───── INFORMATION PROVIDED

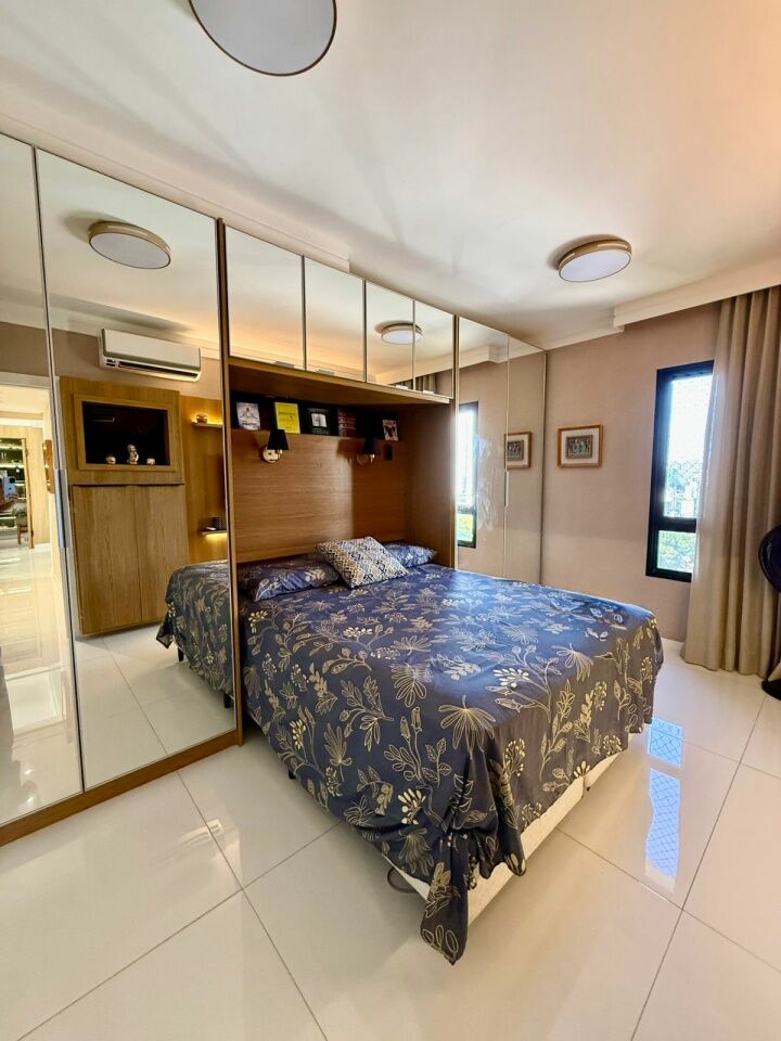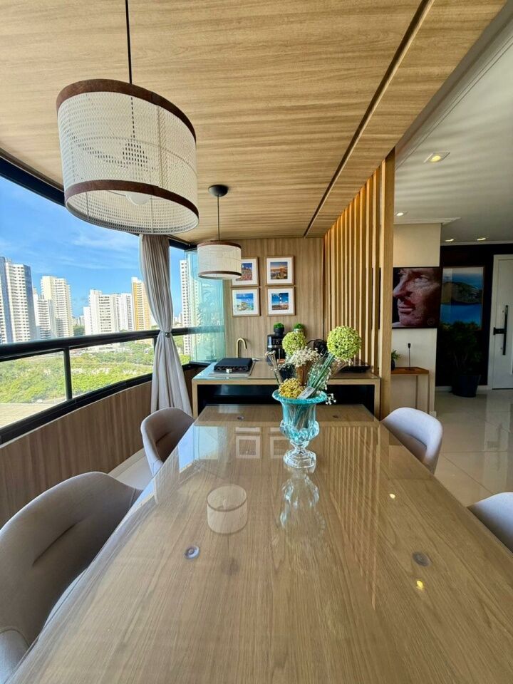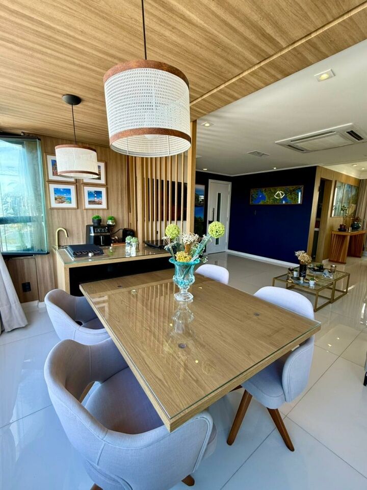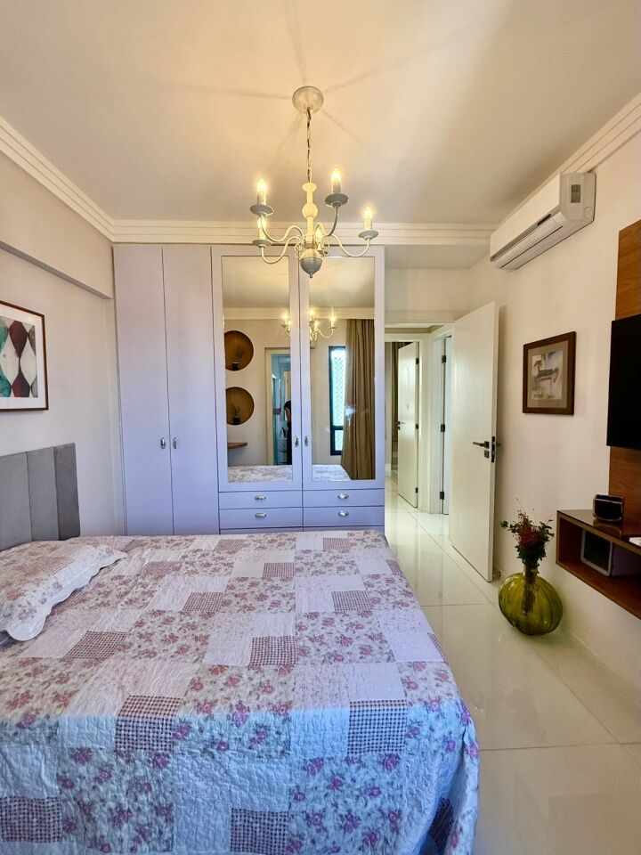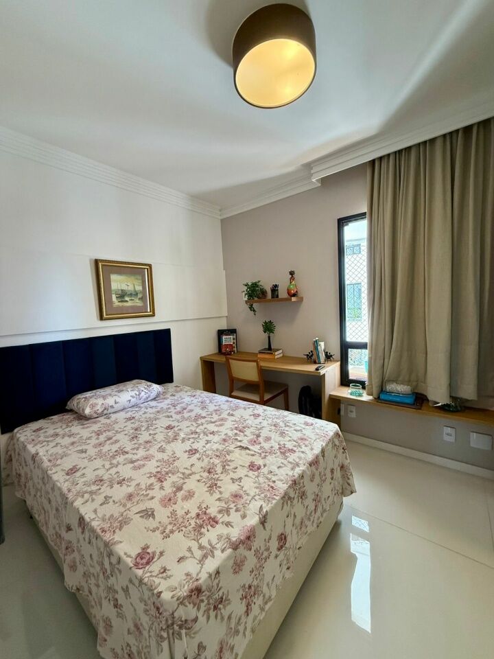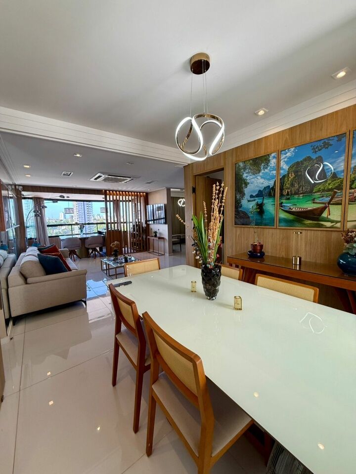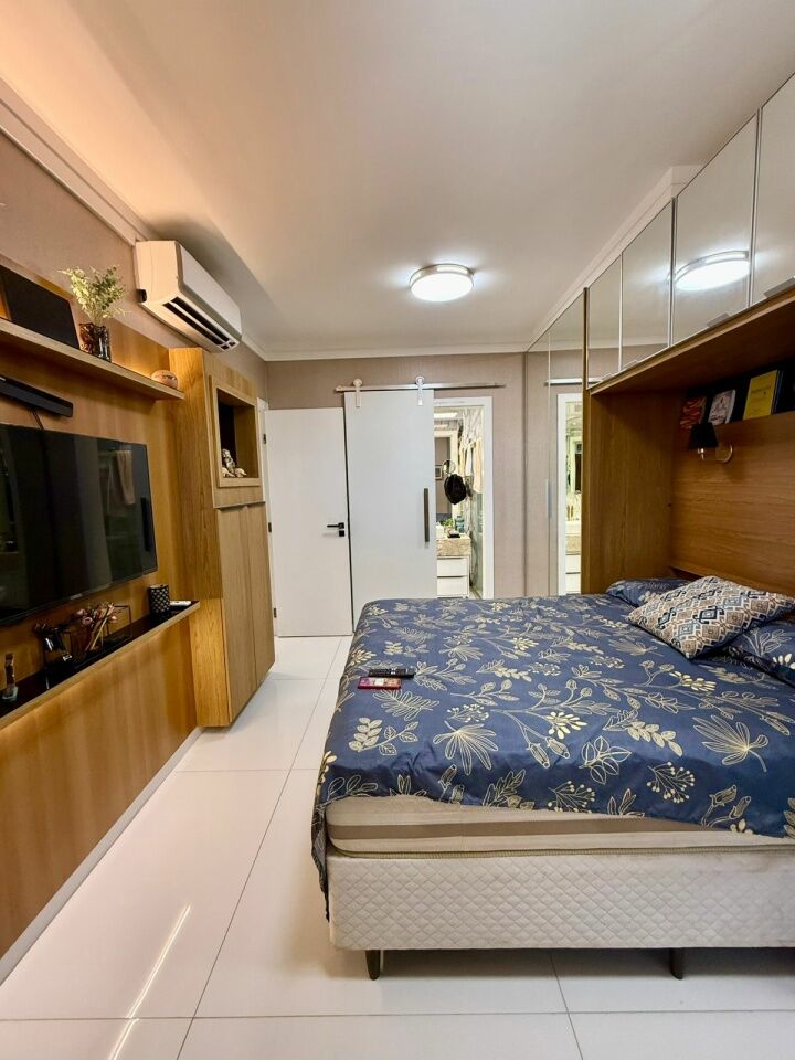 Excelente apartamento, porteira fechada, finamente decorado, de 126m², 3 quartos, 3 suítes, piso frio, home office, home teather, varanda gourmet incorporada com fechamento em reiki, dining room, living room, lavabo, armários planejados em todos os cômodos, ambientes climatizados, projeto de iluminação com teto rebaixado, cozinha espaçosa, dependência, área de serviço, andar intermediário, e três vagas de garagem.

──────────
───── INFORMATION PROVIDED

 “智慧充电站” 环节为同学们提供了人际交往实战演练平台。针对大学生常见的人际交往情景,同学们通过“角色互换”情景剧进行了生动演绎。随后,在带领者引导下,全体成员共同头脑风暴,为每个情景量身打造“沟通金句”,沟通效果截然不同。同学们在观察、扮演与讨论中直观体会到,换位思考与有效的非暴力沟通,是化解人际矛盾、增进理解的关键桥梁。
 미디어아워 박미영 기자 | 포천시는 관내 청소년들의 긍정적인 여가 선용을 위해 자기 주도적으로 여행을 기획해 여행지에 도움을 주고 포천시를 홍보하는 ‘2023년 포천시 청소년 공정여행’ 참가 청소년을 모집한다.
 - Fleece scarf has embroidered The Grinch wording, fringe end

──────────

** EXERCISE BRIEF **
Output, from the data above, the lines from the line with "미디어아워 박미영 기자" to the line with "- Fleece scarf" exactly as they stand, both ends included and nothing else.

** WRITTEN ANSWER **
 미디어아워 박미영 기자 | 포천시는 관내 청소년들의 긍정적인 여가 선용을 위해 자기 주도적으로 여행을 기획해 여행지에 도움을 주고 포천시를 홍보하는 ‘2023년 포천시 청소년 공정여행’ 참가 청소년을 모집한다.
 - Fleece scarf has embroidered The Grinch wording, fringe end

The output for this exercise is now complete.